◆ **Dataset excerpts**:
--*--

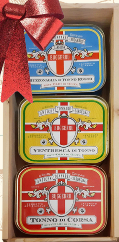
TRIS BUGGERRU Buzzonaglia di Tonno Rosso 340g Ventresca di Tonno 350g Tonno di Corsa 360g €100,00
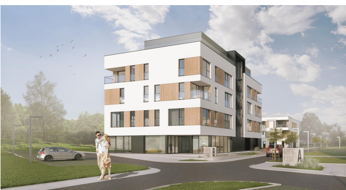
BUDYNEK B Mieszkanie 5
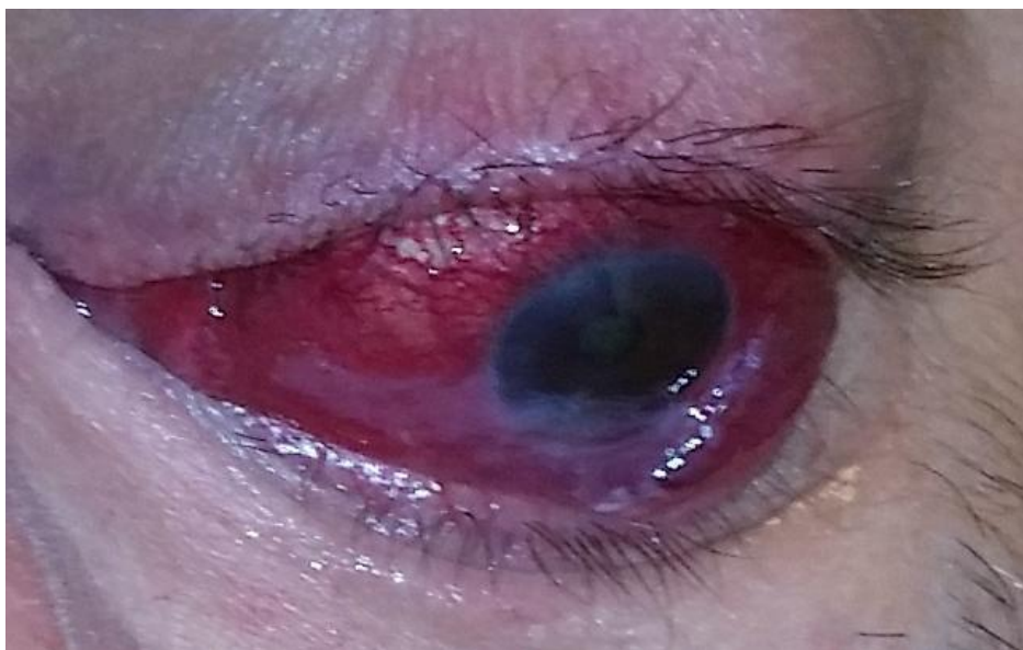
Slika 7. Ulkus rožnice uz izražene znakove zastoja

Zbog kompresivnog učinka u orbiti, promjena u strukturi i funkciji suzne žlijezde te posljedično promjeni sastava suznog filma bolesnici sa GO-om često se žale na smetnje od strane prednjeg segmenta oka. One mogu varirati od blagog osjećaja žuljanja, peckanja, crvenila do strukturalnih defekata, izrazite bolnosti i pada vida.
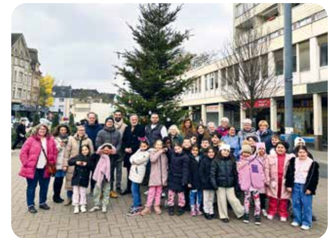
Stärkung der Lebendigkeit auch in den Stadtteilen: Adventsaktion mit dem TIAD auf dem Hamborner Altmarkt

--*--

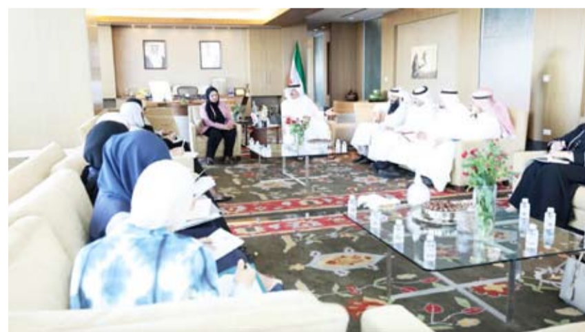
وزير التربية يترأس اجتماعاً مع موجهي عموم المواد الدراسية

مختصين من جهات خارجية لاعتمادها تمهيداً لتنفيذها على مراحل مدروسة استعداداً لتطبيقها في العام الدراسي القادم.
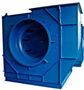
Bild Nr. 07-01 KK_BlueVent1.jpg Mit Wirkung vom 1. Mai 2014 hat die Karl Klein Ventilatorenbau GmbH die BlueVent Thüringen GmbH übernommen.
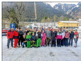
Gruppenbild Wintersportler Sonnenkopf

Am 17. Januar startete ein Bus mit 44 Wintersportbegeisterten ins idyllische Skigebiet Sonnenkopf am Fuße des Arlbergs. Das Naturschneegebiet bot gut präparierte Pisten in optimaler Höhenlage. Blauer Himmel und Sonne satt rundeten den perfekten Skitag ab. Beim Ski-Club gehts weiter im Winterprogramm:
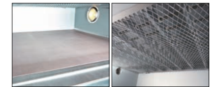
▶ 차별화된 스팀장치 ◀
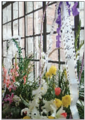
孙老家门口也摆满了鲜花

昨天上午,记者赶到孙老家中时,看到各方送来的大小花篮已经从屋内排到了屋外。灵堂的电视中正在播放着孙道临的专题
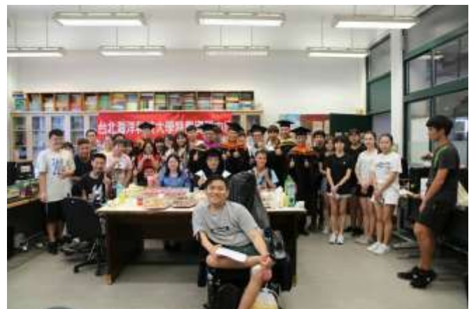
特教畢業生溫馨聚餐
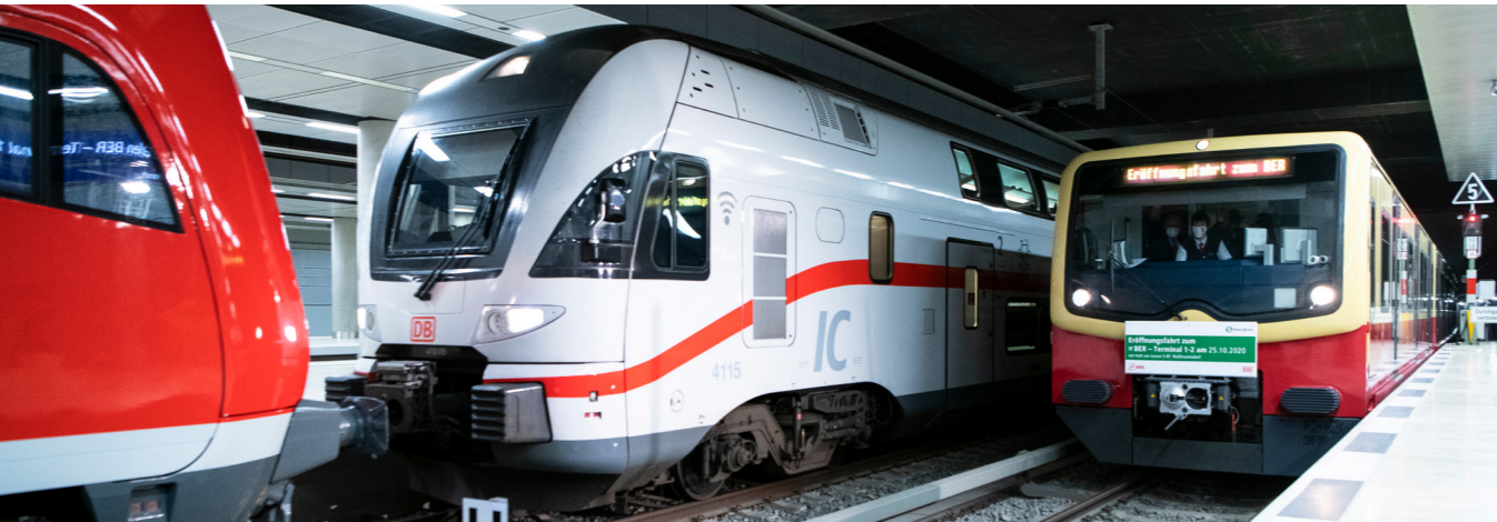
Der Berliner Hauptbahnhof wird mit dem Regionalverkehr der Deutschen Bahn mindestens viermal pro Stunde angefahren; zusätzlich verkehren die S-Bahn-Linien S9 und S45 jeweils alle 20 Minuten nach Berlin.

--*--

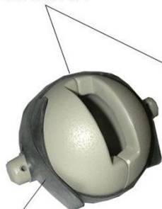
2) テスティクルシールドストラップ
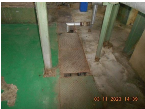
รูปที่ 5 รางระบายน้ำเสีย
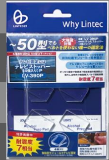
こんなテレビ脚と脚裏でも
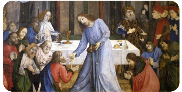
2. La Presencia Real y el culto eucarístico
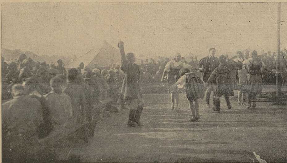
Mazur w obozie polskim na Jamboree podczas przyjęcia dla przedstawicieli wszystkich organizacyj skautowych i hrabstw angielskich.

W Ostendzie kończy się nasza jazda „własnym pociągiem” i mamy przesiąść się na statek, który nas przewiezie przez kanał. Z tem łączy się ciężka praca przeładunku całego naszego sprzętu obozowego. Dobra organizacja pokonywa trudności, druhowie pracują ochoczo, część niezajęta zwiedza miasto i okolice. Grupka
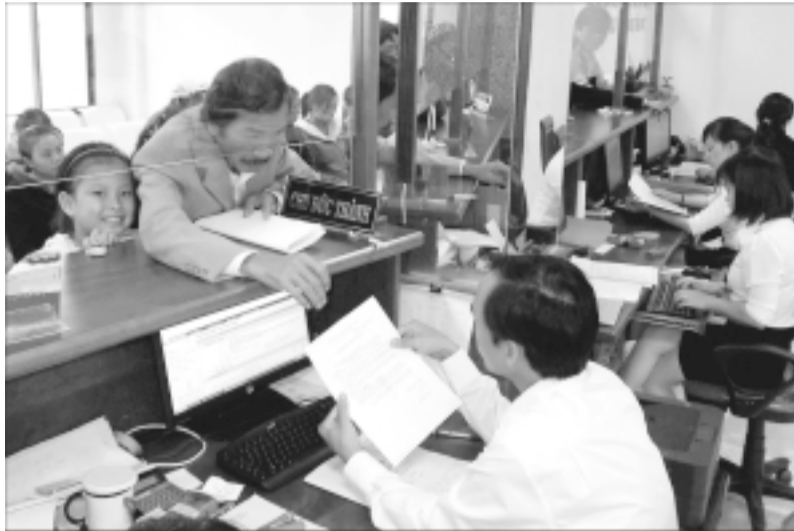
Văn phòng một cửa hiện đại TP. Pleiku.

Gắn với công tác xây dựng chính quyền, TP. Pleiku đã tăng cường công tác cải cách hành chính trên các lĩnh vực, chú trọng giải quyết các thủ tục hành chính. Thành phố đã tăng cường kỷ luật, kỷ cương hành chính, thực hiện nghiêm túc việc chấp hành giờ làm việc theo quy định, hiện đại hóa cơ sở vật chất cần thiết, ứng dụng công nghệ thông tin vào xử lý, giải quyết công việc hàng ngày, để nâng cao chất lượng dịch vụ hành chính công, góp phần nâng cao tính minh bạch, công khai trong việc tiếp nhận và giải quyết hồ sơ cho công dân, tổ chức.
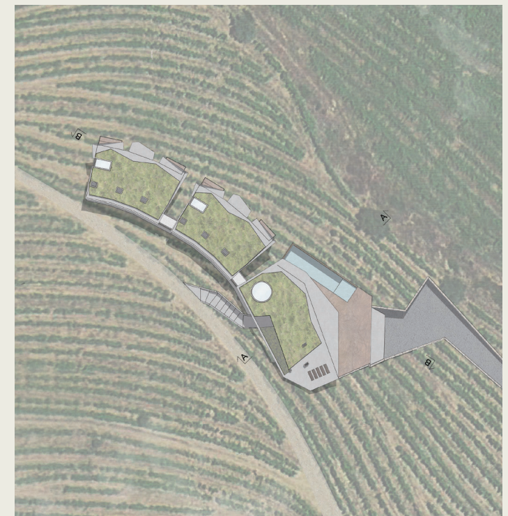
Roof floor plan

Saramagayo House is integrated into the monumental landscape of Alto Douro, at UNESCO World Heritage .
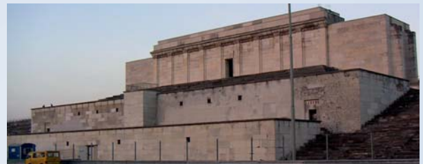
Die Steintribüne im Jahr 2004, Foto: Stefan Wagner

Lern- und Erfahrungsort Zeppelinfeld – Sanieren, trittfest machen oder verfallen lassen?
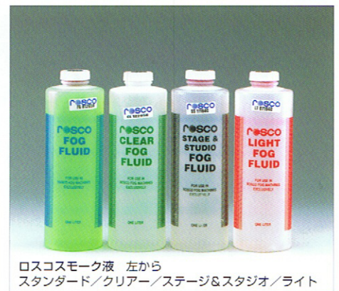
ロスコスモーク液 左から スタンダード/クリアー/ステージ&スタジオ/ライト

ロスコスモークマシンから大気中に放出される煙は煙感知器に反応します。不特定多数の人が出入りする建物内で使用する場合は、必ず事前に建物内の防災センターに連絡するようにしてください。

--*--

◆ **Task to complete**: For this exercise, reproduce exactly the lines of the records above from the one with "TRIS BUGGERRU Buzzonaglia" up to and including the one with "Stärkung der Lebendigkeit", without pictures.

◆ **Written reply**:
TRIS BUGGERRU Buzzonaglia di Tonno Rosso 340g Ventresca di Tonno 350g Tonno di Corsa 360g €100,00
BUDYNEK B Mieszkanie 5
Slika 7. Ulkus rožnice uz izražene znakove zastoja

Zbog kompresivnog učinka u orbiti, promjena u strukturi i funkciji suzne žlijezde te posljedično promjeni sastava suznog filma bolesnici sa GO-om često se žale na smetnje od strane prednjeg segmenta oka. One mogu varirati od blagog osjećaja žuljanja, peckanja, crvenila do strukturalnih defekata, izrazite bolnosti i pada vida.
Stärkung der Lebendigkeit auch in den Stadtteilen: Adventsaktion mit dem TIAD auf dem Hamborner Altmarkt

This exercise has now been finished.